Hope this will help you.

Cheers, Kilian

baltow · March 14, 2013, 5:42pm

Hello Kilian, first of all thanks for the short response time!

It worked out, Thanks again!

On the other hand, I came into another issue concerning the topic subject, I build in my knime architecture a StopWord Filter with a txt source (ASCII) that I filled with the most common Italian stopwords (including, among others, all the Italian article forms, each for every line); it worked up execept for the articles followed by the apostrophe, in the example below the expression "The air" is provided to furnish a strong example of when an Italian article goes with an apostrophe(for those who don't know):

English-->The air-->Italian--> La aria ("La" is one of the Italian articles, but in this case it is followed by two vocals, so the "a"after the "L"is substituted with the apostrophe--> L'aria

The problem I encountered regards this little "bug" by the Stopword filter: it doesn't filter these article forms, I even presumed it could be due to the lack of space between the article and the word it refers, so I decided to put in the architecture a Puntuaction Erasure but the article with its apostrophe resulted, with the noun they refer, in the same line in the output table as well. Regarding the mentioned example, a "keygraph word extractor" or a "TF/IDF filter" put after the filters counts "l'aria"as a whole word, whereas the word for "air" is just "aria".

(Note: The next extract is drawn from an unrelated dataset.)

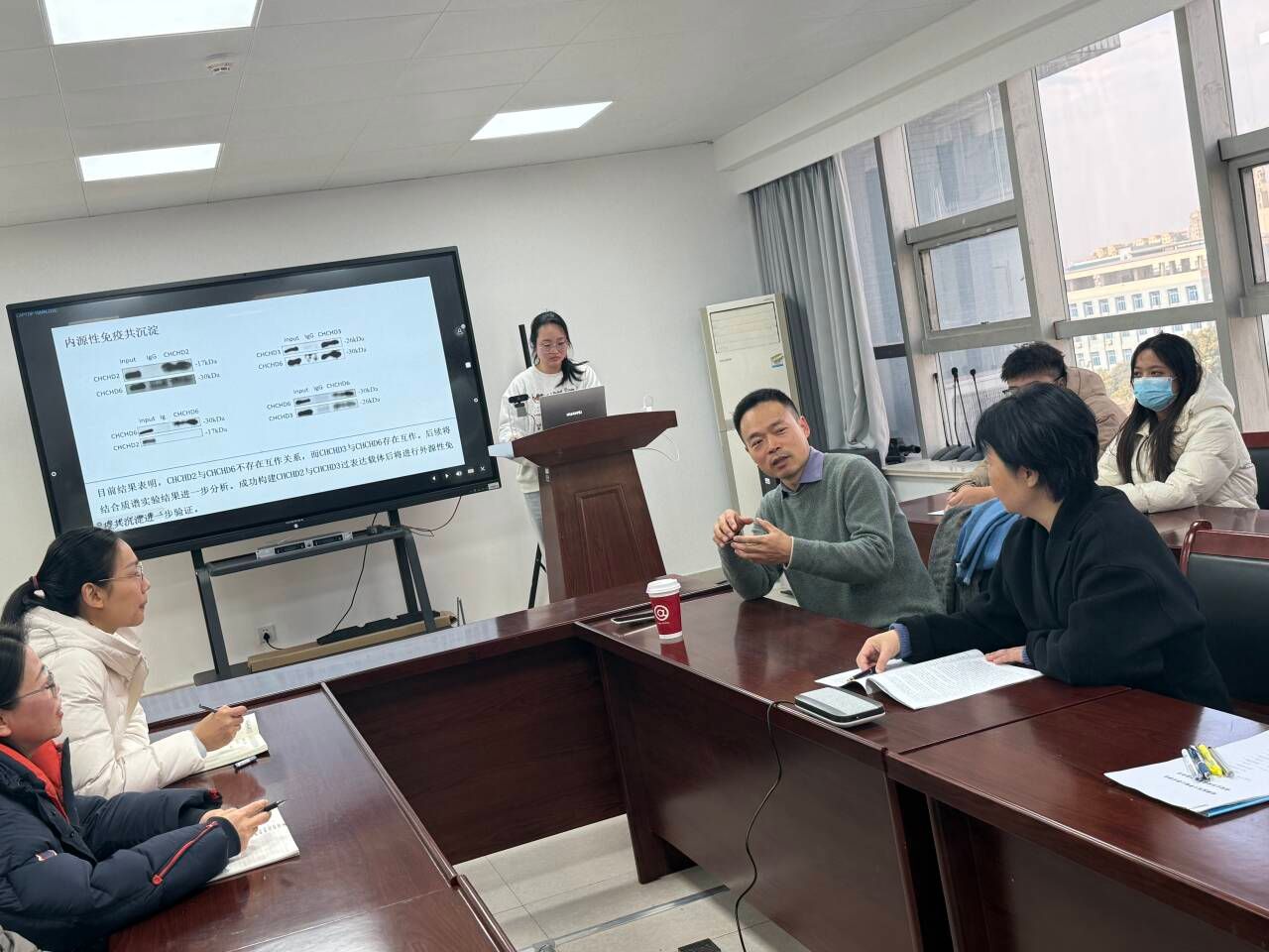 在交流过程中,卫功宏教授与研究生及青年教师进行了分组座谈和个别指导。目前指导的研究生对课题进展和存在的困难进行了汇报,卫老师对后续研究和成果凝练进行了指导;实验室研究生围绕课题中遇到的技术瓶颈、实验设计优化、数据分析方法等问题进行了请教。卫教授结合自身科研经验,从问题本质、解决路径与创新潜力等角度给予了细致而富有启发性的建议,为学生厘清了研究思路。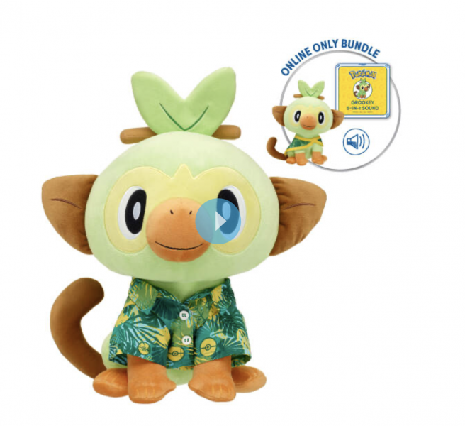 “Get into the groove with Grookey,” the site’s description of this bundle reads. “This friendly Pokémon is sure to always stick by your side. The curious Grookey is a Grass-type Pokémon with green fur, large eyes and ears, and a curly brown tail. Pokémon trainers will love this exclusive Grookey plush toy bundle, which includes Grookey’s leaf print shirt, matching cape, and 5-in-1 sound chip.”

Any suggestions would be really appreciated, thanks in advance,

I hope I was clear and stayed on topic.

Best regards

kilian.thiel · March 17, 2013, 4:49pm

Hello baltow,

the stop word filter can only filter entire terms (usually tokens). In your example L'aria would be one term (token), since the tokenizer splits only at whitespace characters. The term is not in the provided stop word list, i guess, so it will not be found and filtered. One solution would be, to use the "Replacer" node and replace the "L'"s via a regular expression. In the dialog of the node the regular expression would be "L'" and the replacement an empty string.

Cheers,

Kilian

baltow · March 26, 2013, 7:26pm

Thanks for the kind answer and for your constant feedback, I really appreciate it in order to understand the Knime basis that I am discovering daily. Back to the topic, I added the apostrophe in the stopword txt file created previously(speaking of txt encoding, is it better, when the txt file interacts with KNIME, to keep the ANSI or to change it as UNICODE?), and it worked.

Thanks again, wish a good end of the day,

Riccardo

kilian.thiel · March 29, 2013, 2:15am

Good to read that it worked. It is better to save the stopword file in ANSI format.

Cheers, Kilian

jmbittes · April 9, 2021, 6:22pm

Hello, I’m doing a text mining in Portuguese and I tried to implement the Dictionary Tagger, however when I access BoW no words were found, it returns in the Term column the UNKNOW (NE) value for all words. When I use the POS TAGGER with Tokenizer Spanish it fills the Term, but with errors because there are differences between the grammars of the two languages.
I checked your tip on this forum and I’m doing it that way, there is something else I have to pay attention to.

jmbittes · April 11, 2021, 12:56pm

I need help about dictionary tagger.
I’m doing a text mining in Portuguese and I tried to implement the Dictionary Tagger, however when I access BoW no words were found, it returns in the Term column the UNKNOW (NE) value for all words. When I use the POS TAGGER with Tokenizer Spanish it fills the Term, but with errors because there are differences between the grammars of the two languages.
I checked your tip on this forum and I’m doing it that way, there is something else I have to pay attention to.

system · June 2, 2023, 9:40pm

This topic was automatically closed 90 days after the last reply. New replies are no longer allowed.